As described above, on May 7, 2026, the Board approved the nomination of seven Board Nominees for election to the Board at the Shareholder Meeting. A proxy statement relating to the Shareholder Meeting (the “Proxy Statement”) is expected to be filed with the SEC. The Proxy Statement will contain important information regarding the Board Nominees, the Shareholder Meeting and the proposal to elect the Board Nominees. See the Proxy Statement for further details regarding the qualifications, backgrounds and experience of the Board Nominees, the reasons for holding the Shareholder Meeting and the voting procedures.

This Supplement relates solely to the Offer and is not intended to, and does not, constitute a solicitation of a proxy from any shareholder of the Trust. The solicitation of proxies for the election of the Board Nominees will only be made by the Proxy Statement.

The Proxy Statement is expected to be filed with the SEC on or about June 2, 2026. After the Proxy Statement is filed with the SEC, it may be amended or withdrawn at any time.

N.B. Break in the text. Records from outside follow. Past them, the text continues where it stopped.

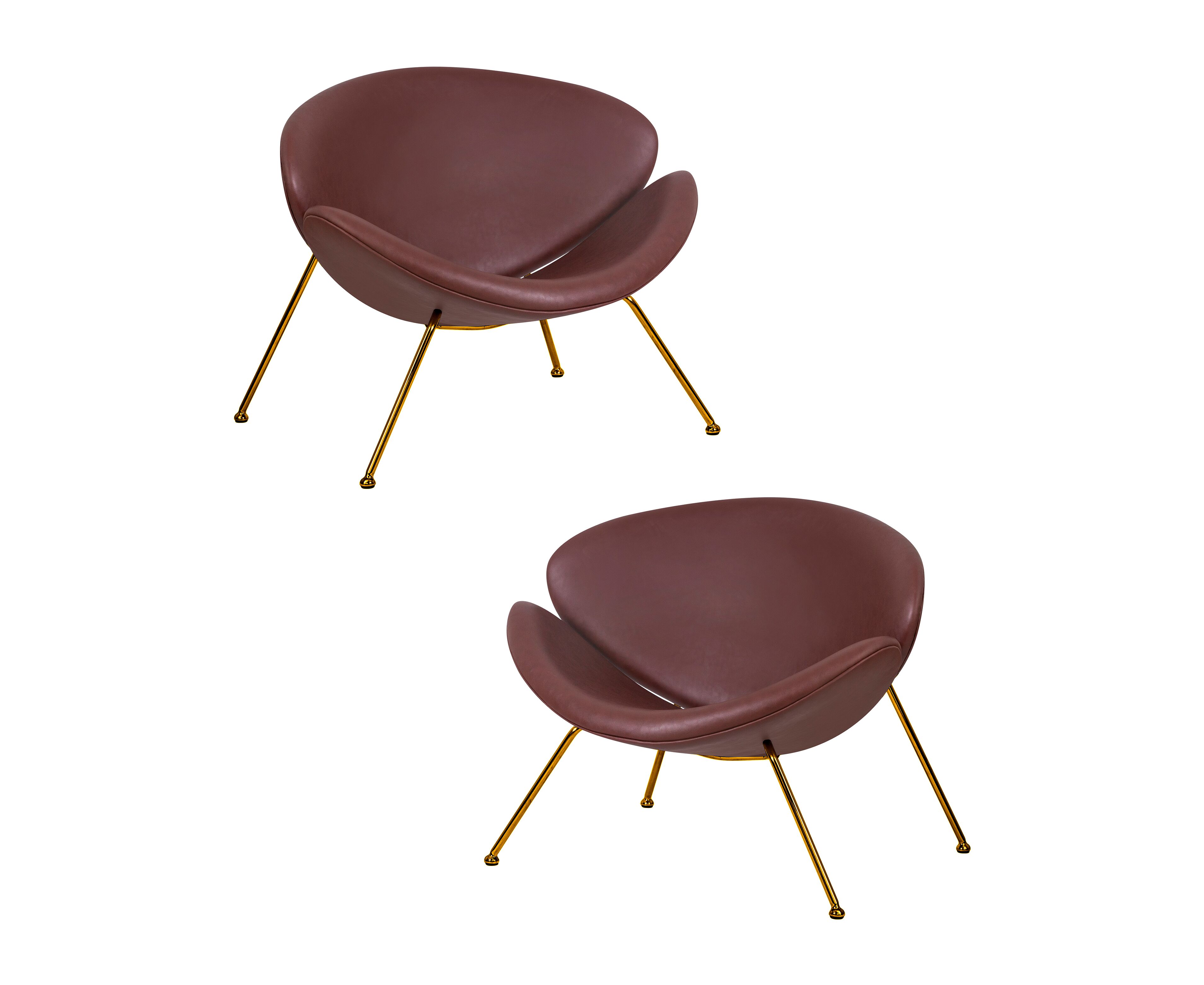 Набор 2 шт Кресло дизайнерское DOBRIN EMILY, коричневый винил YP5, золотое основание
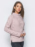 Вязанный свитер с объемными вертикальными косами на полочке и рукавах. Манжеты выполнены широкой резинкой.
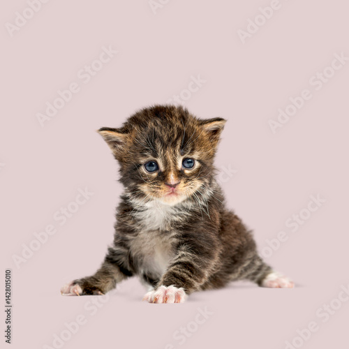 Obraz premium Cute baby maine coon cat crawling and playing on a pink studio background
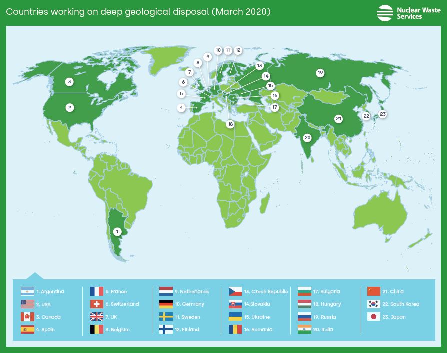 Geological disposal is internationally recognised as the best and safest option for managing longer-lived, more hazardous radioactive waste, following decades of science, technology and engineering research. A number of countries, including Sweden, Finland, France, Canada and Switzerland, have already implemented or are developing plans for this process. Among the most advanced is Finland which started constructing a GDF for spent nuclear fuel, called ‘Onkalo’, five years ago. In Sweden, a site at Forsmark has been identified following support by two communities, Osthammar and Oskarshamm. France has also identified a suitable site. Its waste management organisation, ANDRA, is preparing to submit applications for the Cigeo industrial geological disposal facility, located in the east of the country.
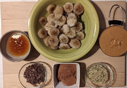 2. Combine ingredients (except for cacao nibs) in a food processor and blend until smooth, about 1 minute.
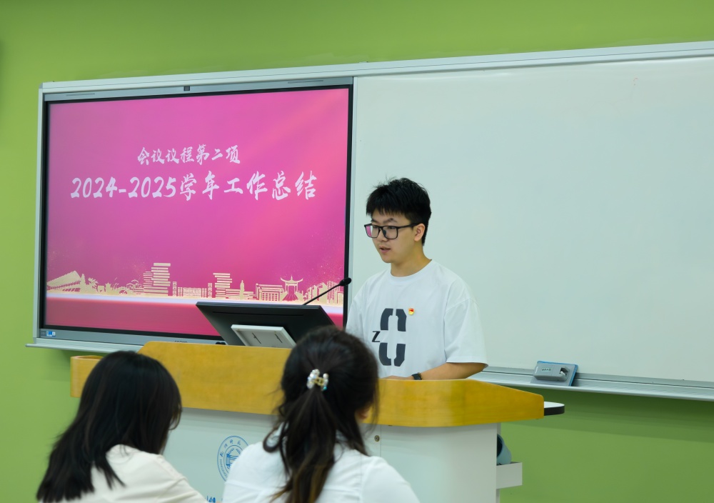 党务中心办公室主任陈松涛代表中心作2024-2025学年工作总结,以详实的工作数据回顾了本学年工作成果,他提到党务中心在学院党总支的正确领导下,党建事务工作的规范化水平不断提升,党员参与活动的积极性、开展活动的主动性不断增强,学院党务中心工作开展顺利。
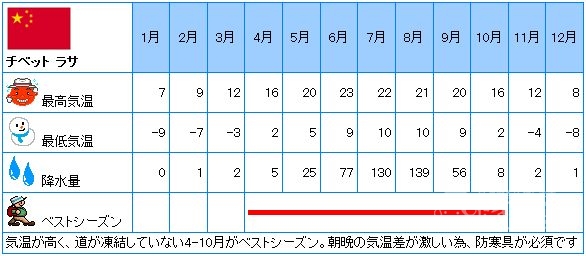 | 含まれるもの | 明記された航空券,寝台列車,ホテル,日本語ガイド,車両,チベット入域証,お食事,入場料 |
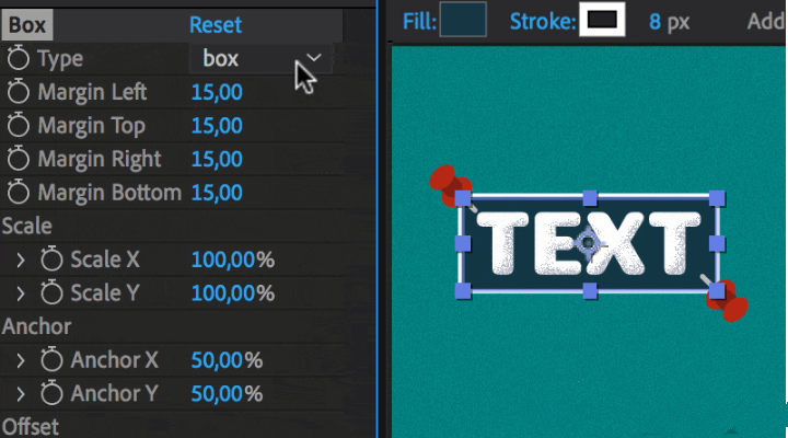 Pins Boxes是一款在AE上比较常用的脚本工具,我们可以在软件安装在AE上进行使用。这款软件是专门用来进行区域框的设置,你可以将区域框进行固定,然后在框里填写文字,区域框会随着文字增多而自动调整大小。
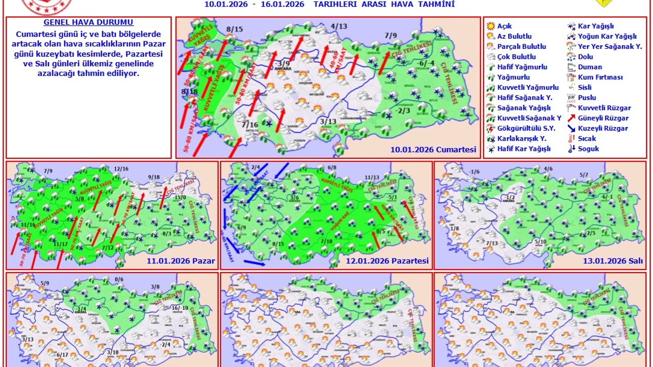 Meteoroloji Genel Müdürlüğü’nün 10–16 Ocak 2026 tarihli hava tahmin raporu, Türkiye genelinde kış koşullarının etkisini giderek artıracağını ortaya koyuyor. Hafta sonu iç ve batı kesimlerde hissedilen görece ılık hava, yeni haftayla birlikte yerini sert soğuklara, kar yağışına ve kuvvetli rüzgârlara bırakacak.
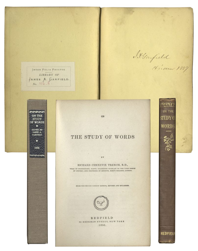 James Garfield signed book and from his personal library, very rare as such. Garfield signs ”J.A. Garfield / Hiram 1857” upon the front free endpaper of ”On the Study of Words” by Richard Trench and published by Refield: New York: 1856. At the time Garfield signed the book, he had returned to Hiram, Ohio as President of Hiram College where he first worked as a janitor 6 years prior. Upon the front pastedown, Garfield’s private library label is present, reading ”Inter Folia Fructus [Among the Leaves, Fruit] / Library of / James A. Garfield / No. 46.b.” Measures 5.25” x 7.5”. Book is in very good plus, well-preserved condition, with just a hint of wear to the boards and interior toning. Housed in a custom-made slipcase. Sold for $1,204.
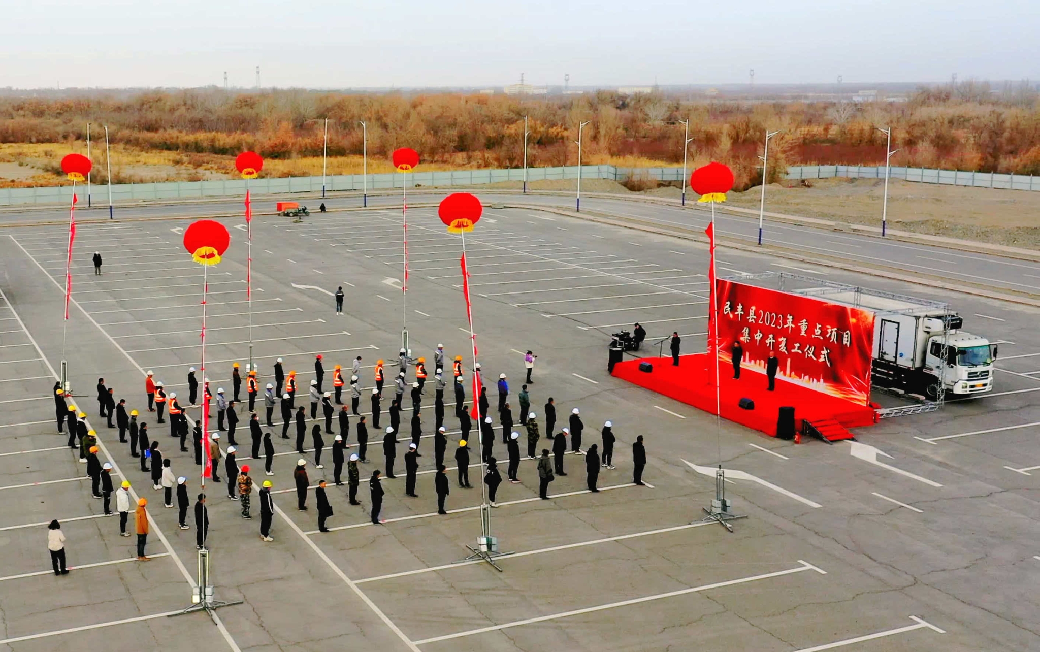 2月15日,民丰县2023年重点项目集中开复工仪式现场。
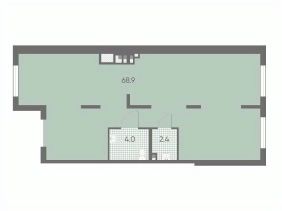 Помещение под офис площадью 74.7 м2 на 1 этаже 4-этажного здании, в 17 мин. пешком от м.Московская. Высота потолков: 2.6 м.
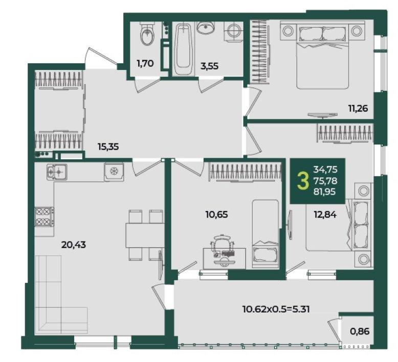 | Площадь кухни, кв.м. | 20.43 |
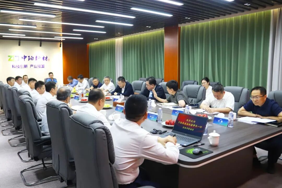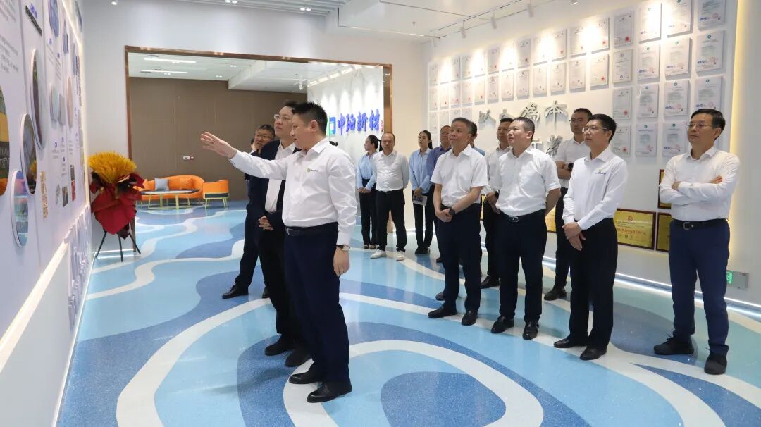 5月16日,京能集團董事長姜帆一行蒞臨中珀新材總部及研發中心調研交流,集團副總經理陳國高及相關部室負責人參加。中珀新材董事長鄧強攜總經理于杰及各事業部總經理全程陪同。
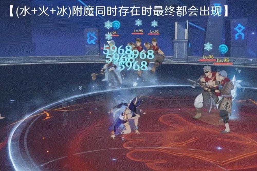 队伍中存在3种或以上的不同元素附魔(水元素必须不存在),最终呈现会按照火>冰>雷。

The Trust and its trustees, officers and employees, and BlackRock and its shareholders, officers and employees and other persons may be deemed to be participants in the solicitation of proxies with respect to the election of the Board Nominees. Investors and shareholders may obtain more detailed information regarding the direct and indirect interests of such persons by reading the Proxy Statement, when available.

INVESTORS AND SHAREHOLDERS OF THE TRUST ARE URGED TO READ THE PROXY STATEMENT AND OTHER DOCUMENTS FILED WITH THE SEC CAREFULLY AND IN THEIR ENTIRETY BECAUSE THESE DOCUMENTS CONTAIN IMPORTANT INFORMATION ABOUT THE ELECTION OF THE BOARD NOMINEES.

Shareholders may obtain free copies of the Proxy Statement and other documents filed with the SEC, when available, at the SEC’s website at www.sec.gov. In addition, free copies of the Proxy Statement may also be obtained by directing a request to BlackRock at the number listed on the Proxy Statement, when available.